COLLECTED DATA ->
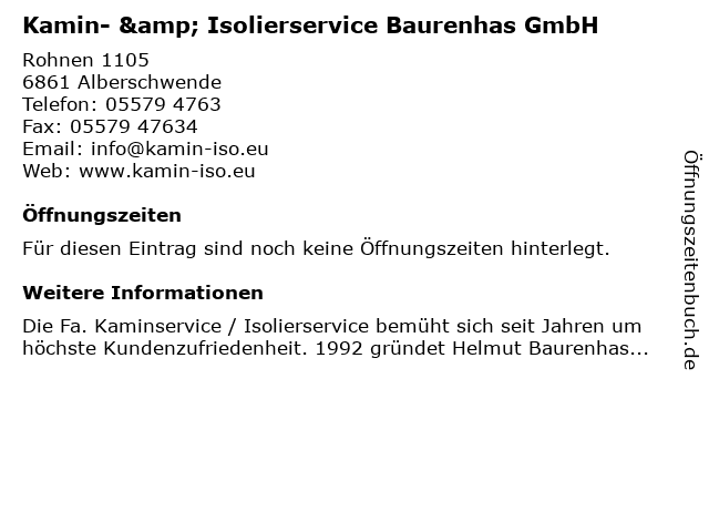 | Kamin- & Isolierservice Baurenhas GmbH anrufen | |
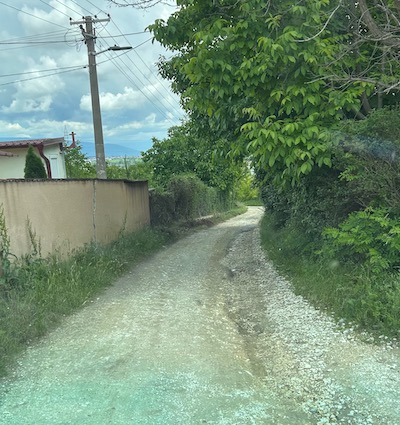Zo zijn wij kilometers over een onverharde weg door de bush gereden om één van de weinige campings in Noord-Macedonië te zoeken. Onderweg raken we Geert en Hammy kwijt. En net toen we besloten terug te rijden, kwam een man in een Toyota voorbij en dat bleek de eigenaar te zijn. Hij brengt ons naar de plek waar Geert en Hammy al staan. Een mooie plek maar absoluut niet geschikt voor campers: nauwelijks voorzieningen, geen rechte plek om te staan, weinig ruimte om te draaien, en een prijs die niet in verhouding staat tot wat men te bieden heeft.
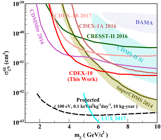 研究团队目前进行到第二阶段CDEX-10实验。与CDEX-1不同, CDEX-10替换了不利于提高探测器质量的冷指制冷技术,在国际上首次采用液氮直冷方式,使用由三串探测器(每串探测器内部包含了三个1公斤量级的点电极高纯锗探测器)构成的总质量约10 kg的点电极高纯锗探测器阵列进行暗物质直接探测实验。这项实验成果是CDEX-10实验的第一个物理成果。

EXERCISE REQUIREMENTS -> Please print all the lines above exactly as given and leave out every picture.

RESPONSE BELOW ->
 | Kamin- & Isolierservice Baurenhas GmbH anrufen | |
Zo zijn wij kilometers over een onverharde weg door de bush gereden om één van de weinige campings in Noord-Macedonië te zoeken. Onderweg raken we Geert en Hammy kwijt. En net toen we besloten terug te rijden, kwam een man in een Toyota voorbij en dat bleek de eigenaar te zijn. Hij brengt ons naar de plek waar Geert en Hammy al staan. Een mooie plek maar absoluut niet geschikt voor campers: nauwelijks voorzieningen, geen rechte plek om te staan, weinig ruimte om te draaien, en een prijs die niet in verhouding staat tot wat men te bieden heeft.
 研究团队目前进行到第二阶段CDEX-10实验。与CDEX-1不同, CDEX-10替换了不利于提高探测器质量的冷指制冷技术,在国际上首次采用液氮直冷方式,使用由三串探测器(每串探测器内部包含了三个1公斤量级的点电极高纯锗探测器)构成的总质量约10 kg的点电极高纯锗探测器阵列进行暗物质直接探测实验。这项实验成果是CDEX-10实验的第一个物理成果。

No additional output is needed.